NAME

ShatterProof - a script for analyzing next-generation sequencing data

SYNOPSIS

use Shatterproof

DESCRIPTION

ShatterProof is a tool that can be used to analyze next generation sequencing data for signs of chromothripsis. Link to publication will be posted soon.

README

Input File Types ShatterProof can takes as input 4 different types of input files.
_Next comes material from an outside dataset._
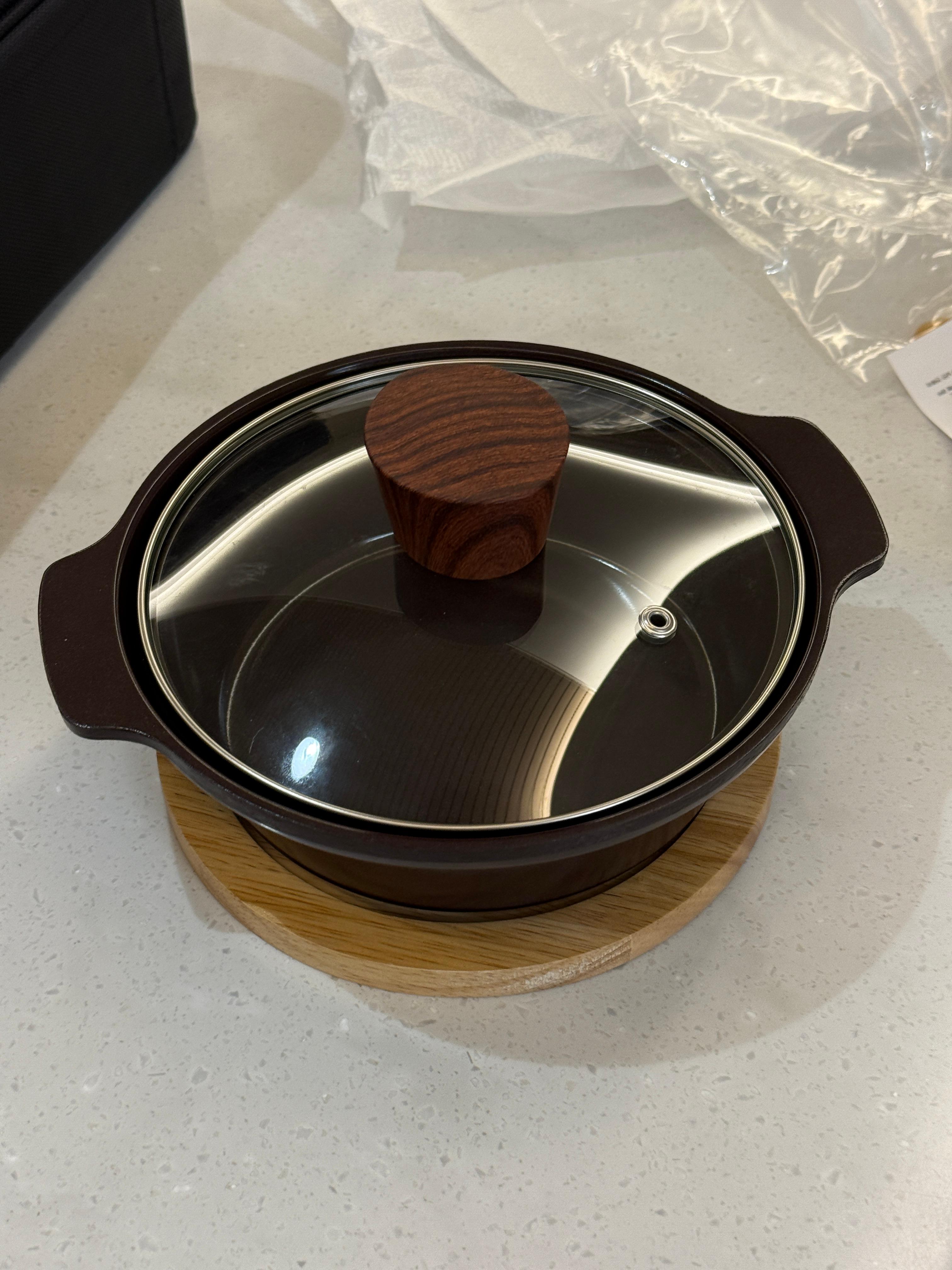 구성은 뚝배기 본체와 뚜껑, 나무 받침입니다. 크기는 16cm로 2인용 식사에 적당하고, 무게도 무겁지 않아서 조리와 세척이 부담되지 않았어요. 다만, 손잡이 부분에는 실리콘이나 보호 커버가 없어 조리 후에는 반드시 장갑이나 주방용 집게를 사용하시는 걸 추천드려요!

See the scripts/conversion_scripts directory for some Perl scripts which will convert some common tools' output the the required input formats. =head3 Translocation Input Files (.spt) Tab delimited columns First line is header line: #chr1 start end chr2 start end quality

Example data entry line: 1 1000 2000 4 4000 5000 78

If no value is available for quality, use a “.” eg.:

1 1000 2000 4 4000 5000 .

Copy-Number Input Files (.spc) Tab delimited columns First line is header line: #chr start end number quality

Example data entry line: 12 2000 3000 2 63

If no value is available for quality, use a “.” eg.:

12 2000 3000 2 .

Loss of Heterozygozity Input Files (.spl) Tab delimited columns First line is header line: #chr start end quality

Example data entry line: 12 2000 3000 63

If no value is available for quality, use a “.” eg.:

12 2000 3000 .

Insertion Input Files (.vcf) Additionally, ShatterProof accepts insertion calls in VCF files as input. See http://www.1000genomes.org/node/101 for details on the VCF file format. ShatterProof analyzes the CHROM and POS fields of these files.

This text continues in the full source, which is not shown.